Noch ein letztes Mal


Eigentlich ist bei uns jetzt vor Weihnachten die Luft raus und uns ist ehrlich gesagt so gar nicht nach einem Bastel-Wochenende auf Fehmarn. Allerdings ist bei uns die Luft nicht raus, weil bald der nette alte Mann mit dem weißen Bart und dem roten Mantel vor der Tür steht, sondern weil in diesem Dezember einfach zu viel passiert ist. Solche Zeiten gibt es und solche Zeiten radieren dann auch mal wieder jeden eventuell doch aufkeimenden Zweifel an unseren Zukunftsplänen vollkommen aus. Es gibt Dinge, die man nicht aufschieben darf. Aber vielleicht ist es ja sogar umgekehrt. Es gibt nur ganz wenige Dinge, die überhaupt zum Aufschieben taugen. Träume, Momente und Werte gehören definitiv nicht dazu. Die Gründe hierfür sind unterschiedlich, aber der Grund gegen einen Aufschub ist immer derselbe. Dazu fällt mir wieder der Aphorismus von Frau Eschenbach ein: „Wenn die Zeit kommt, in der man könnte, ist die Zeit vorbei, in der man kann.“ Ich glaube, ich hatte das schon mal in einem anderen Blog geschrieben, aber egal, irgendwie trifft dieser Aphorismus ja aus jeder Perspektive.
Auch wenn bei uns zur Zeit die Luft raus ist, es geht uns gut. Man bekommt nur manchmal nochmals extra deutlich gezeigt, dass es zum Hier und Heute keine Alternative gibt, auch wenn einem die Bequemlichkeit oft etwas anderes einflüstert.

So fahren wir am Freitag recht spät und etwas lustlos in Richtung Fehmarn. Das Hotel ist ja ohnehin für 2 Tage gebucht, also fahren wir. Aber an diesem Wellness-Bastel-Wochenende wird ganz bestimmt nicht das Basteln, sondern die Wellness und die Auszeit für uns überwiegen. Doch ein kleiner Bastelanteil muss auch sein, denn mit viel gutem Willen kommen wir noch auf 4 Wellness-Bastel-Wochenenden bis zu unserem Krantermin Ende März. Und eine Bastellzeitverlängerung im Wasser wird es 2018 nicht geben, denn dann geht’s los.

Bei AWN in Lübeck bekommen wir nichts von dem, was wir dort eigentlich kaufen wollten. Hmmm… Im Online-Shop hätte ich alles in den Warenkorb klicken können, aber ich Pappnase wollte ja die Versandgebühr sparen. Das nächste Mal bestelle ich einfach wieder alles, sch… auf Versandgebühr. Aber vielleicht ist unser Bedarf inzwischen auch schon so speziell, dass ein erfolgreicher Kauf in einem Ladenshop eher einem Lottogewinn gleicht.
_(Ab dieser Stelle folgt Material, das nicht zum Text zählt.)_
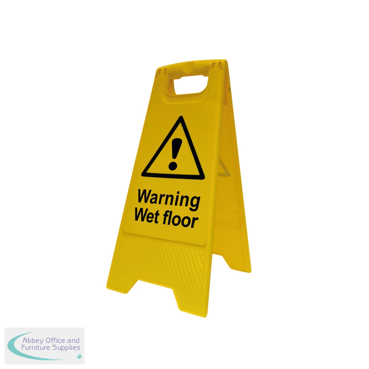 Made from bright yellow plastic, this sturdy A board is printed with a clear 'Warning Wet floor' message on either side and the universally recognisable symbol for danger. Providing a warning for visitors and staff to avoid any accidents on slippery surfaces, this heavy-duty A board features a handle for carrying and folds flat for easier transport and storage.

Dazu kommen noch die Preisunterschiede, die ja im Internet auch nur einen Klick auseinander liegen. – 12V LED-Einbauleuchte in V4A: Elektrofachhandel für Privatkauf 28,43 €; großer Segelzubehörversender, Strahler aber in V2A,139,90 €, heruntergesetzt von 179,90 €. Wohlgemerkt ein (!) Strahler, nicht der 6er-Pack ?. – Außerdem bestellen wir zunehmend „europaweit“, das spart nochmal viele schöne Euros und ist mit PayPal und all den internationalen Paket-Speditionen auch überhaupt kein Problem mehr. Das alles bedeutet zwar etwas mehr Internet-Recherche, spart am Ende aber viel Zeit, denn so fahren wir in Lübeck heute wieder genervt zurück auf die Autobahn, ohne dass wir nun das haben, was wir am Wochenende brauchen.
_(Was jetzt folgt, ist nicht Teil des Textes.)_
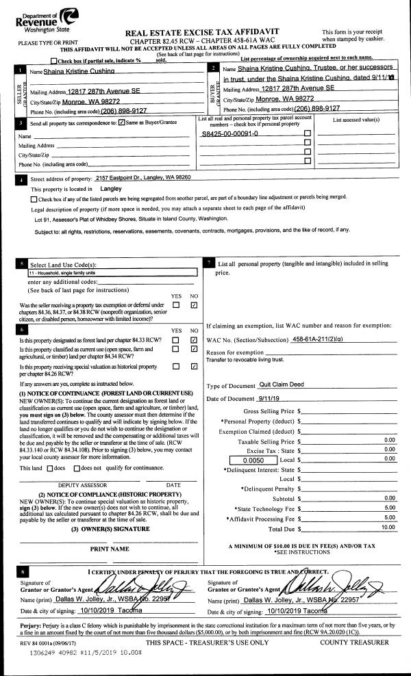 | Mailing Address: | MARY CLAIRE G MATRO 1339 NE BIG BERRY LOOP OAK HARBOR, WA 98277 | % Ownership: | 100.0000000000% |

„Der Kielschaden ist nun fast beseitigt. Und diese neue Logge soll genau dorthin, wo die alte saß.“

„Der Kielschaden ist nun fast beseitigt. Und diese neue Logge soll genau dorthin, wo die alte saß.“

Angekommen auf Fehmarn, fahren wir direkt zur PINCOYA und breiten uns erst einmal wieder mit all unserem Bastelkram rund um und auf der PINCOYA aus. Da kein anderer Eigner auf die blöde Idee kommt, am 3ten Adventwochenende bei 3° C auch eine Bastelsession einzulegen, haben wir die ganze Halle das ganze Wochenende für uns allein.
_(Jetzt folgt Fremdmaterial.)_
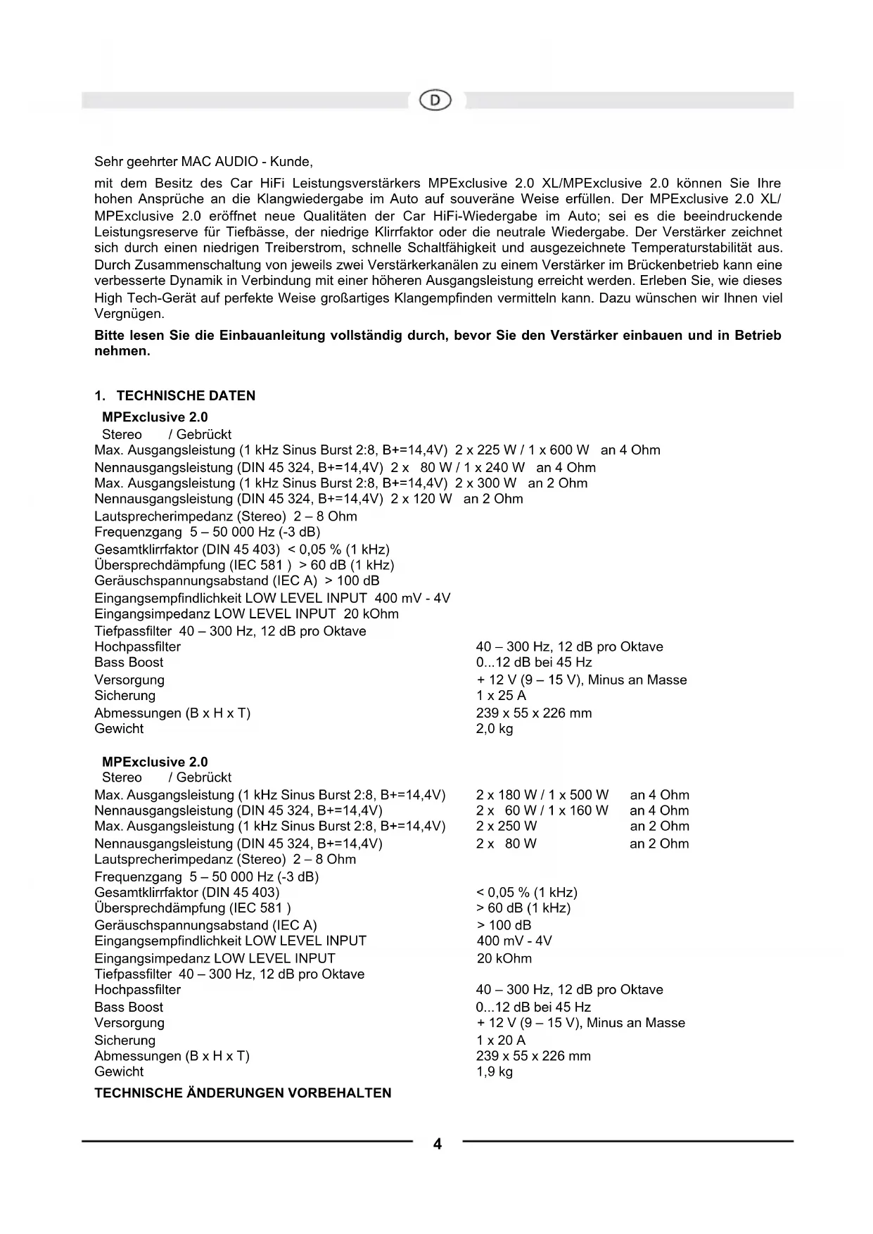 MPExclusive 2.0 Stereo / Gebrückt Max. Ausgangsleistung (1 kHz Sinus Burst 2:8, B+=14,4V) 2 x 225 W / 1 x 600 W an 4 Ohm Nennausgangsleistung (DIN 45 324, B+=14,4V) 2 x 80 W / 1 x 240 W an 4 Ohm Max. Ausgangsleistung (1 kHz Sinus Burst 2:8, B+=14,4V) 2 x 300 W an 2 Ohm Nennausgangsleistung (DIN 45 324, B+=14,4V) 2 x 120 W an 2 Ohm Lautsprecherimpedanz (Stereo) 2 – 8 Ohm Frequenzgang 5 – 50 000 Hz (-3 dB) Gesamtklirrfaktor (DIN 45 403) < 0,05 % (1 kHz) Übersprechdämpfung (IEC 581 ) > 60 dB (1 kHz) Geräuschspannungsabstand (IEC A) > 100 dB Eingangsempndlichkeit LOW LEVEL INPUT 400 mV - 4V Eingangsimpedanz LOW LEVEL INPUT 20 kOhm Tiefpasslter 40 – 300 Hz, 12 dB pro Oktave Hochpasslter 40 – 300 Hz, 12 dB pro Oktave Bass Boost 0...12 dB bei 45 Hz Versorgung + 12 V (9 – 15 V), Minus an Masse Sicherung 1 x 25 A Abmessungen (B x H x T) 239 x 55 x 226 mm Gewicht 2,0 kg MPExclusive 2.0 Stereo / Gebrückt Max. Ausgangsleistung (1 kHz Sinus Burst 2:8, B+=14,4V) 2 x 180 W / 1 x 500 W an 4 Ohm Nennausgangsleistung (DIN 45 324, B+=14,4V) 2 x 60 W / 1 x 160 W an 4 Ohm Max. Ausgangsleistung (1 kHz Sinus Burst 2:8, B+=14,4V) 2 x 250 W an 2 Ohm Nennausgangsleistung (DIN 45 324, B+=14,4V) 2 x 80 W an 2 Ohm Lautsprecherimpedanz (Stereo) 2 – 8 Ohm Frequenzgang 5 – 50 000 Hz (-3 dB) Gesamtklirrfaktor (DIN 45 403) < 0,05 % (1 kHz) Übersprechdämpfung (IEC 581 ) > 60 dB (1 kHz) Geräuschspannungsabstand (IEC A) > 100 dB Eingangsempfindlichkeit LOW LEVEL INPUT 400 mV - 4V Eingangsimpedanz LOW LEVEL INPUT 20 kOhm Tiefpassfilter 40 – 300 Hz, 12 dB pro Oktave Hochpasslter 40 – 300 Hz, 12 dB pro Oktave Bass Boost 0...12 dB bei 45 Hz Versorgung + 12 V (9 – 15 V), Minus an Masse Sicherung 1 x 20 A Abmessungen (B x H x T) 239 x 55 x 226 mm Gewicht 1,9 kg

Den Kielschaden hatten wir ja schon gespachtelt und nun muss nur noch geschliffen werden. Danach kann dann schon die erste der 3 Grundierungsschichten drauf. Die Spachtelei, Schleiferei und dann auch die je 3 Grundierungs- und Antifoulingschichten brauchen so ihre Zeit. Alles muss immer wieder härten und trocknen, bis der nächste Arbeitsgang folgen kann. Das ist vor dem Einbau der neuen Logge genauso. Um den alten Durchbruch herum müssen wir auch spachteln, neu grundieren und Antifouling aufbringen. Aber davor kommt erst noch der Ausbau. Ausbau hört sich einfach an, denn das alte Ding muss ja eben nur raus. Aber das alte Ding will nicht raus. Und das will es ums Verrecken nicht.

„Die Kronenmutter der alten Loggenaufnahme will ums Verrecken nicht losgehen, also bauen wir aus Teilen der Schraubstockplatte einen Adapter.“

„Die Kronenmutter der alten Loggenaufnahme will ums Verrecken nicht losgehen, also bauen wir aus Teilen der Schraubstockplatte einen Adapter.“

Auch nachdem wir uns einen Spezialrumpfkronenmutterverschraubungsdrehadapterschlüssel ? gebastelt haben und tatsachlich die Mutter des Rumpfdurchlasses in der vermaledeiten Ecke unter der Bugkoje lösen können, bewegt sich das Teil keinen auch noch so kleinen Millimeter. Nackte Gewalt könnte helfen, denn schließlich wehrt man sich bei mir nicht ungestraft so heftig gegen einen wohlgemeinten Ausbau. Doch nackte, bloße, zornige Gewalt, wie sie gerade in mir aufkeimt, wollen wir dann doch lieber nicht anwenden, denn schließlich liegt der Durchbruch unterhalb der Wasserlinie und da ist es unter Umständen vielleicht doch besser, wenn man statt der nackten, rohen Gewalt doch lieber etwas nachdenkt und es insgesamt etwas zärtlicher angehen lässt.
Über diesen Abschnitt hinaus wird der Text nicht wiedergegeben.